Indian journalist and writer

Manikchandra Vajpayee (also spelt as Manikchand Vajpayee) (7 October 1919 – 25 December 2005), also known as Mamaji, was an Indian journalist, writer, and RSS Pracharak. He is noted for his contribution to the field of journalism. He was the founder-editor of the multi-edition Hindi daily newspaper Swadesh. The Manikchandra Vajpayee National Journalism Awards, which the Government of Madhya Pradesh named after Manikchandra Vajpayee, is one of India's awards in the field of journalism.

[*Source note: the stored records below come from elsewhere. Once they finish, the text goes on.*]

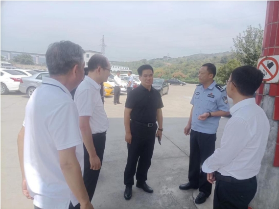 省安委會督導(dǎo)組成員省公安廳交管局匡衛(wèi)民(中)聽取現(xiàn)場匯報(bào)
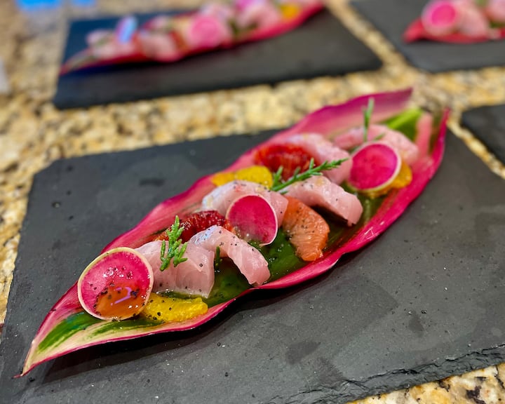 Gosti biraju između niza stavki menija kako bi kreirali personalizovani doživljaj objedovanja. Obrok uključuje više jela, od kojih je svaki pažljivo pripremljen.
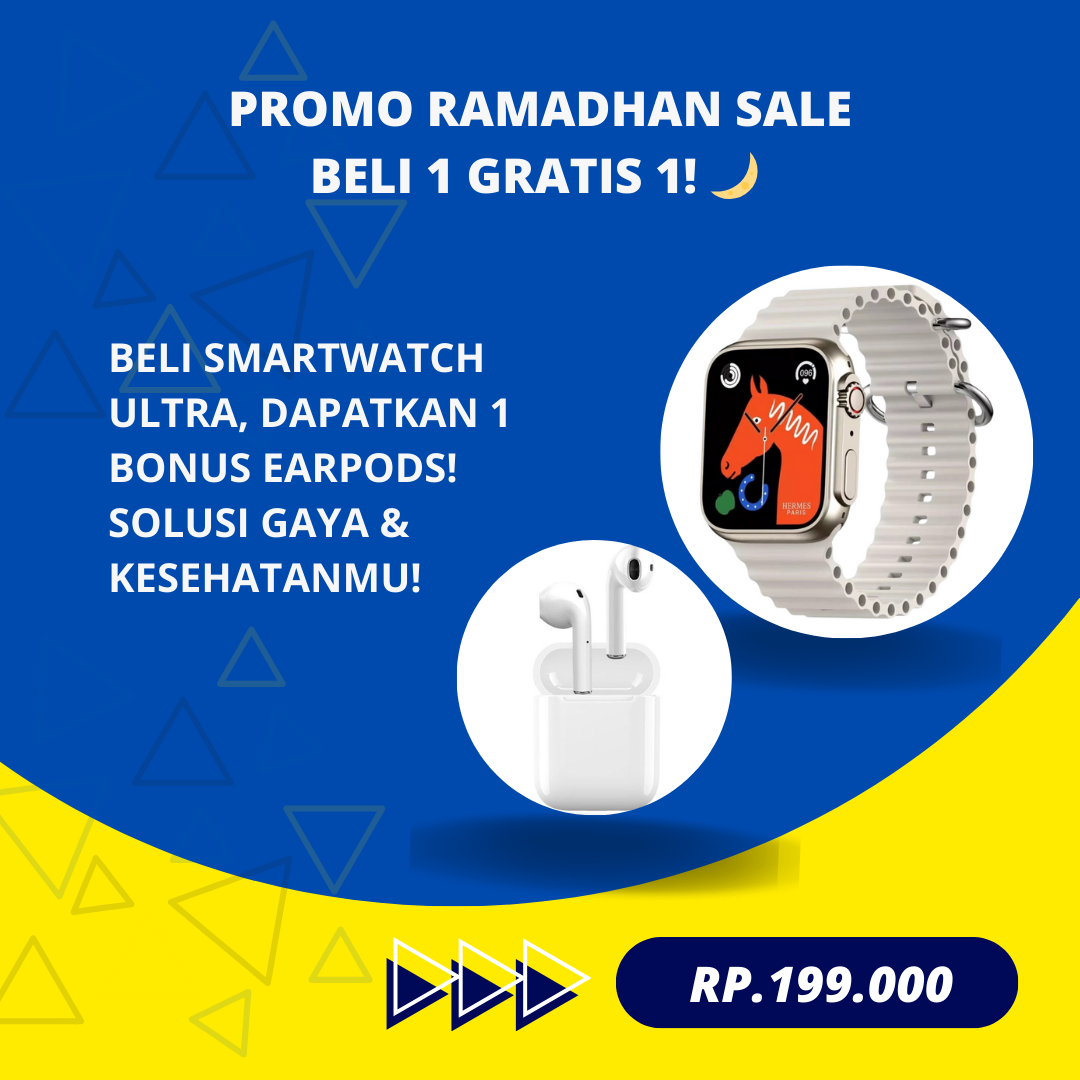 ✅ Jawab: Benar sekali! Ini adalah promo spesial Ramadhan Beli 1 Gratis 1. semisal dengan membeli 1 Smartwatch Ultra, Anda juga akan mendapatkan bonus 2 strap tambahan, 1 Bluetooth Earpods, dan 1 wireless charger. Yuk, manfaatkan promo ini sebelum kehabisan! 🎁

He is credited with expanding Swadesh from a small newspaper into a multi-edition daily, which now has eight editions, and his journalism has been regarded within the Sangh as a benchmark. Apart from his work as a journalist, Vajpayee authored more than half a dozen books.

== Early life ==
Manikchandra Vajpayee was born on 7 October 1919, in Bateshwar of Agra district of Uttar Pradesh, India. Vajpayee completed his middle school examination in Gwalior and received a gold medal in the intermediate examination conducted by the Ajmer Board. He later completed his B.A. and L.L.B. degrees.

== Career ==
He started journalism as the editor of Deshmitra published from Bhind district. He worked as an RSS pracharak from 1944 to 1953, working for the organisation's expansion in the Bhind region of present-day Madhya Pradesh. He also worked as a teacher in Lahrauli, Bhind district, for ten years from 1954.

He served as the Organizing Secretary of Bharatiya Jana Sangh in 1953. He contested the assembly elections from Bhind in 1957 against Narsingh Rao Dikshit and in 1962 against Vijaya Raje Scindia from Gwalior, as directed by the Bharatiya Jana Sangh.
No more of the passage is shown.